To enable further theoretical and computational advances as well as applications to real-world problems, we provide our prototype implementation written in Julia (48) as open-source software under a permissible license.

## Related Work

Our work lies at the interface of ML, PDEs, and optimal control. Recently, this area has received a lot of attention, rendering a comprehensive review to be beyond the scope of this paper. The idea of solving high-dimensional PDEs and control problems with neural networks has been pioneered by other works (49–51) and has been further investigated by ref. 52. In this section, we put our contributions into context by reviewing recent works that combine concepts from ML, OT, MFGs, and Lagrangian methods for MFG.

### OT and ML.

Despite tremendous theoretical insight gained into the problem of optimally transporting one density to match another one, its numerical solution remains challenging, particularly when the densities live in spaces of four dimensions or more. In small-dimensional cases, there are many state-of-the-art approaches that effectively compute the global solution (see, e.g., refs. 40, 42, 53, and 54 and the survey in ref. 55). Due to their reliance on Euclidean coordinates, those techniques require spatial discretization, which makes them prone to the curse of dimensionality. An exception is the approach in ref. 56 that uses a generative model for computing the transport plan. This work uses a neural network model for the density and a Lagrangian PDE solver.

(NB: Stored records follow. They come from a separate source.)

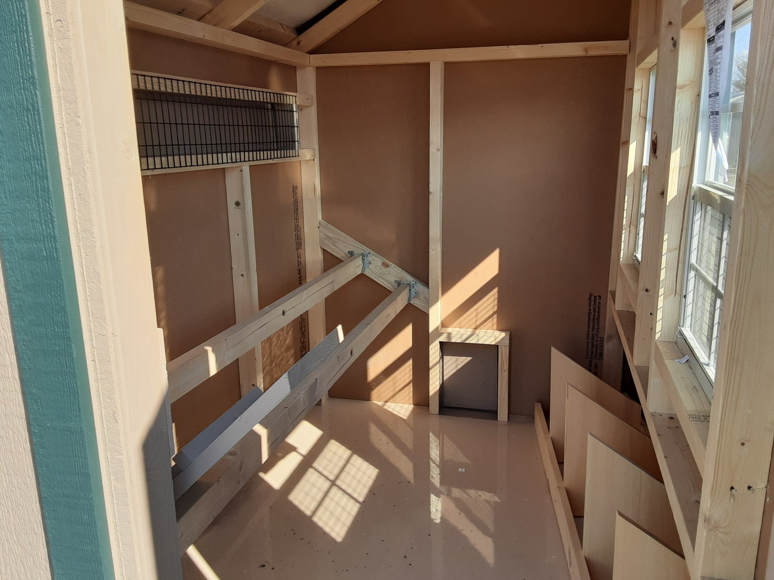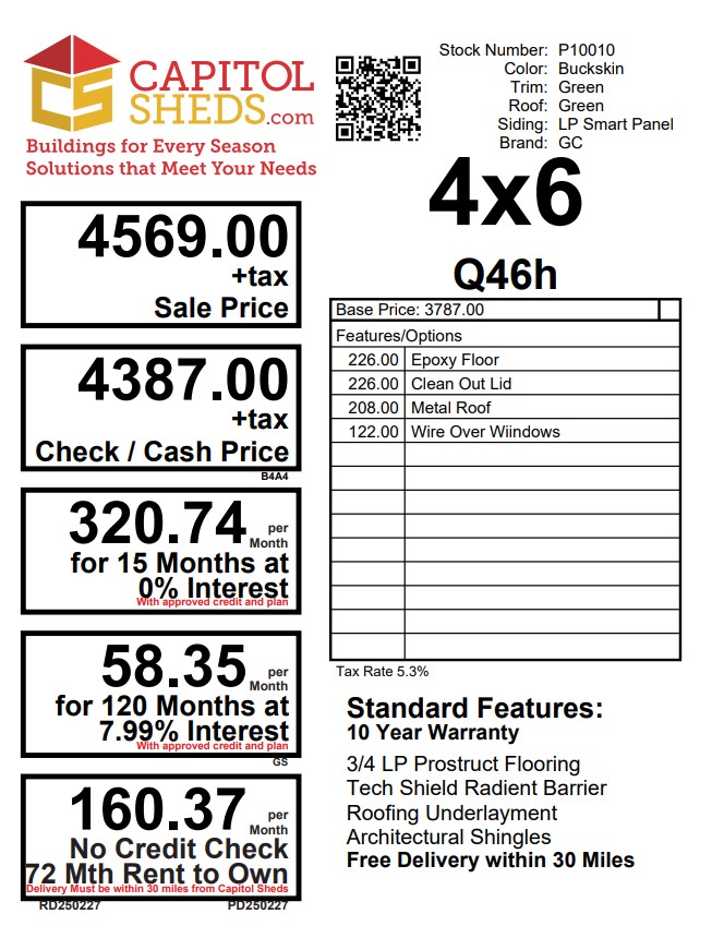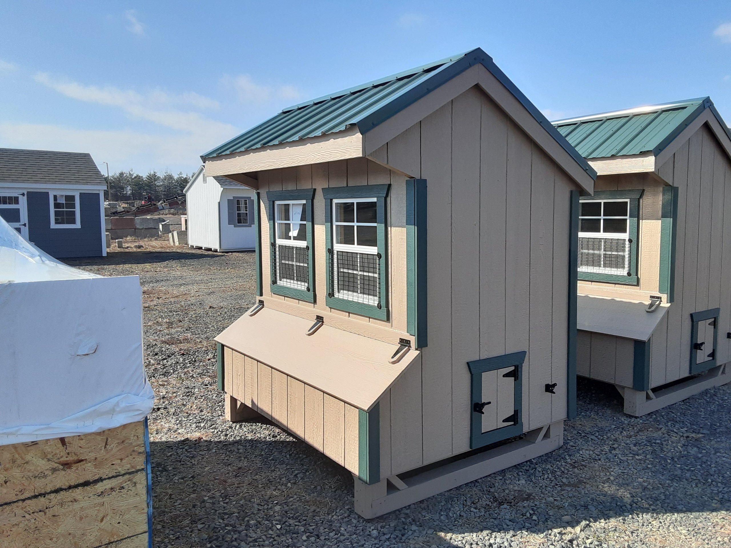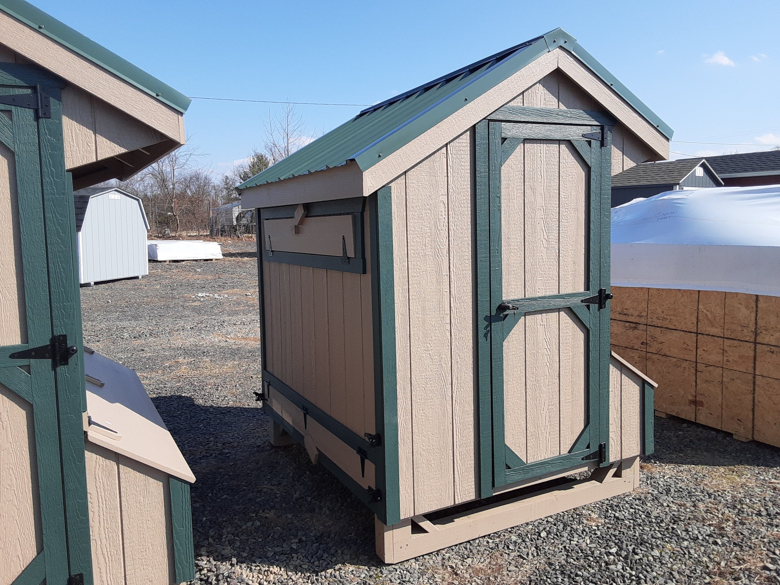 Style Name: Chicken Coop Size: 4×6 Siding: LP Smart Panel Main Color: Buckskin Trim Color: Green Roof Color: Green Roofing: Metal Roofing Underlayment: Roof Felt Wall Framing: 2×4 studs 16 inches on center Roof Framing: 2×4 rafters 16 inches on center Roof Sheeting: LP Tech Shield Upgraded Features: Epoxy Floor, Metal Roof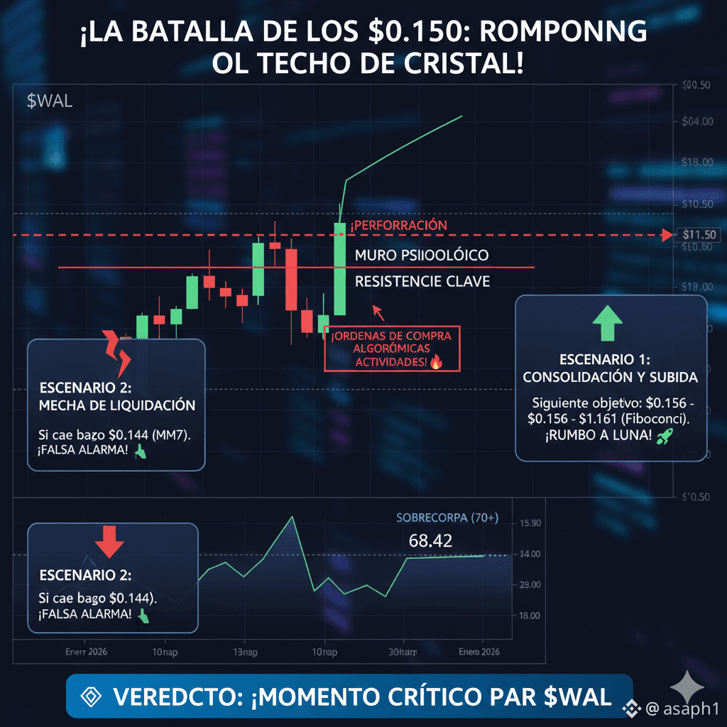 En el gráfico, la situación es de suspenso puro. El 9 de enero, $WAL logró algo que no hacía desde diciembre: perforar la resistencia de los $0.150. Esta no era una línea cualquiera; era un muro psicológico donde los "osos" habían acampado durante semanas.
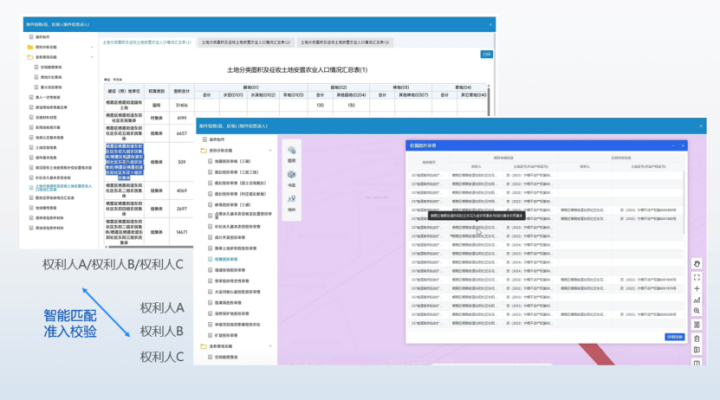 同時(shí)提供準(zhǔn)入一體化核驗(yàn)功能進(jìn)一步減少補(bǔ)正、退件問題,通過構(gòu)建準(zhǔn)入審查分析規(guī)則,強(qiáng)化對(duì)報(bào)件數(shù)據(jù)格式規(guī)范、部用途管制監(jiān)管規(guī)范、省廳業(yè)務(wù)準(zhǔn)入規(guī)范、空間準(zhǔn)入規(guī)范四個(gè)層面的一體化核驗(yàn),保障所有業(yè)務(wù)要素、技術(shù)指標(biāo)嚴(yán)格契合部、省兩級(jí)審批標(biāo)準(zhǔn),有力確保部用途管制監(jiān)管通過率達(dá)到100%。為提升準(zhǔn)入核驗(yàn)的精準(zhǔn)度與智能化水平,引入DeepSeek大模型,借助其強(qiáng)大的知識(shí)圖譜構(gòu)建與語義理解分析能力,實(shí)現(xiàn)用地審批中被征(用)地單位權(quán)屬名稱與不動(dòng)產(chǎn)權(quán)利人名稱的智能比對(duì)核驗(yàn),規(guī)避因命名邏輯不一致而導(dǎo)致的準(zhǔn)入判斷錯(cuò)誤問題。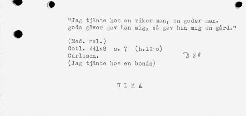 //// } //// i //// ! //// ! //// < //// t //// "Jag tjänte hos en riker man, en göder man. //// goda gåvor gav han mig, s& gav han mig en gård." //// { ^^^^^^ - //// (Med. mel.) //// I Gotl. 441:8 s. 7 (h.l2:o) //// Carlsson. ^ //// i (Jag tjänte hos en bonde) //// U L M A //// i //// i ////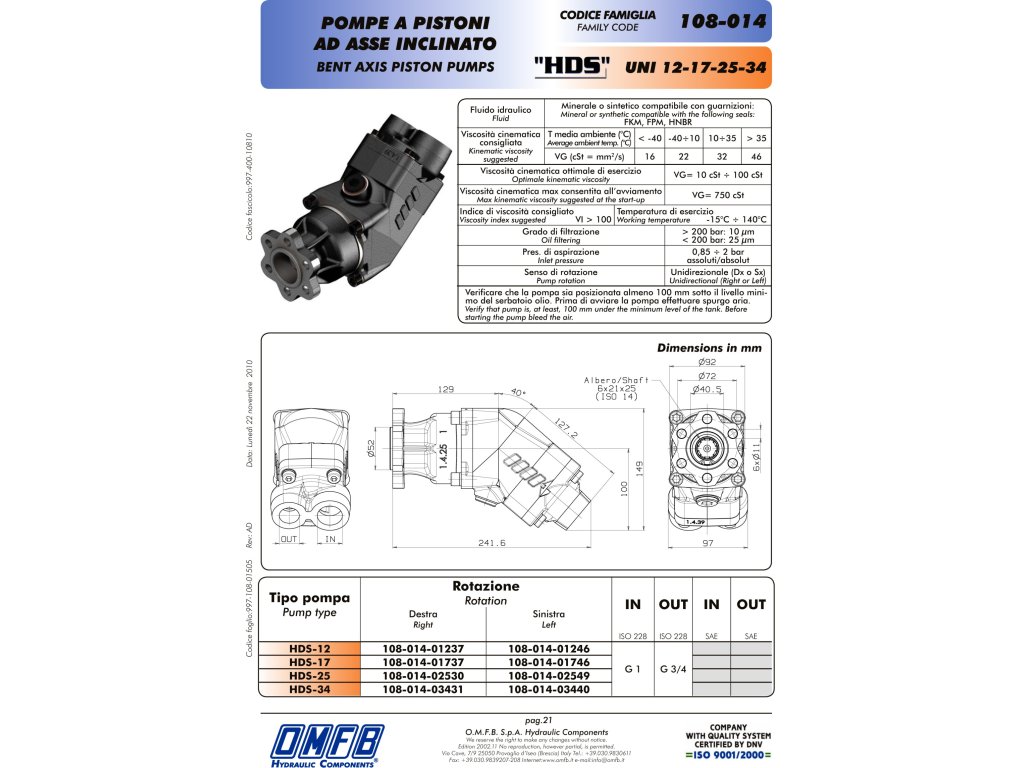 Jednosměrné pístové čerpadlo s průtokem 34l/min - UNI příruba - Pravé.

An ML task that bears many similarities to OT is variational inference with normalizing flows (47). Roughly speaking, the goal is to transform given samples from a typically unknown distribution such that they are approximately normally distributed. To this end, one trains a neural network-based flow model; hence, the name normalizing flow. The trained flow can be used as a generator to produce new samples from the unknown distribution by reversing the flow, starting with samples drawn from a normal distribution. While the original formulation of the learning problem in normalizing flows does not incorporate transport costs, refs. 57–59 successfully apply concepts from OT to analyze and improve the learning of flows. The approach in ref. 59 is formulated as a point cloud matching problem and estimates the underlying densities using Gaussian mixture models. The works (57, 58) propose neural network models for the value function instead of the velocity of the flow, which leads to more-physically plausible models. This parameterization has also been used to enforce parts of the HJB equation via quadratic penalties (58). We generalize these ideas from OT to a broader class of MFGs that naturally incorporate transport costs. We also add a penalty for the final time condition of the HJB to the training problem.

### MFGs and ML.

ML and MFGs have become increasingly intertwined in recent years. On the one hand, MFG theory has been used to provide valuable insight into the training problems in deep learning (22). On the other hand, refs. 60–62 use ML to solve MFGs in up to four spatial dimensions. The methods in refs. 61 and 62 are limited to MFGs whose formulations do not involve the population density, as this computation is challenging. For the time-independent second-order problems in ref. 62, one can express the density explicitly in terms of the value function. Furthermore, in numerical examples for the time-dependent case in ref. 61, the congestion terms depend on the average positions of the population. In this situation, the congestion term can be computed using sample averages. Our framework does not have the above limitations and, in particular, is applicable to MFGs where there is no analytical formula for the density or special structure that can be used to compute the congestion term, for example, MFGs with nonlinear congestion terms. We achieve this using the Lagrangian formulation that includes an estimate of the density along the agents’ trajectories. This generality is a critical contribution of our work.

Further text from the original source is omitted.